MOTs are built cheap to run hot, they are designed to operate well into saturation, drawing a huge magnetising current, to save on materials at the cost of power consumption. Consider the cooling fan to be part of the transformer system. While the original primary winding will work 'as well as it did', it didn't work very well originally. Consider using some of the extra winding space you've created to put on a few extra primary turns, to ease the maximum field down a bit and reduce your core heating.

You're nearly doubling the flux path length, which other things being equal will reduce the primary inductance and so increase the (already high) magnetising current. However the amount the core is saturated will have a bigger effect on primary inductance, so put those extra primary turns on to reduce the saturation.

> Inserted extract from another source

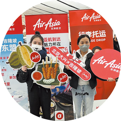 在馬來西亞(ya) 吉隆坡國際機場,工作人員歡迎中國遊客。

Any air gap between the assembled Es will dramatically (air length has 1000x times the effect of iron length) reduce the primary inductance and so increase the (already high) magnetising current. Take a lot of care to not distort the Es as you separate them from the Is, sacrifice the Is to avoid damaging the welds that hold the Es together. Spend a lot of time grinding/linishing the mating faces flat (against abrasive paper backed with a sheet of glass) so they fit together well. Note that if they fit well over only (say) 70% of their surface, then unless you're running at only 70% of the saturation field those mating parts are going to saturate. If you're going to run near saturation, you need 100% of the mating surfaces flat. Don't stop linishing until they're flat.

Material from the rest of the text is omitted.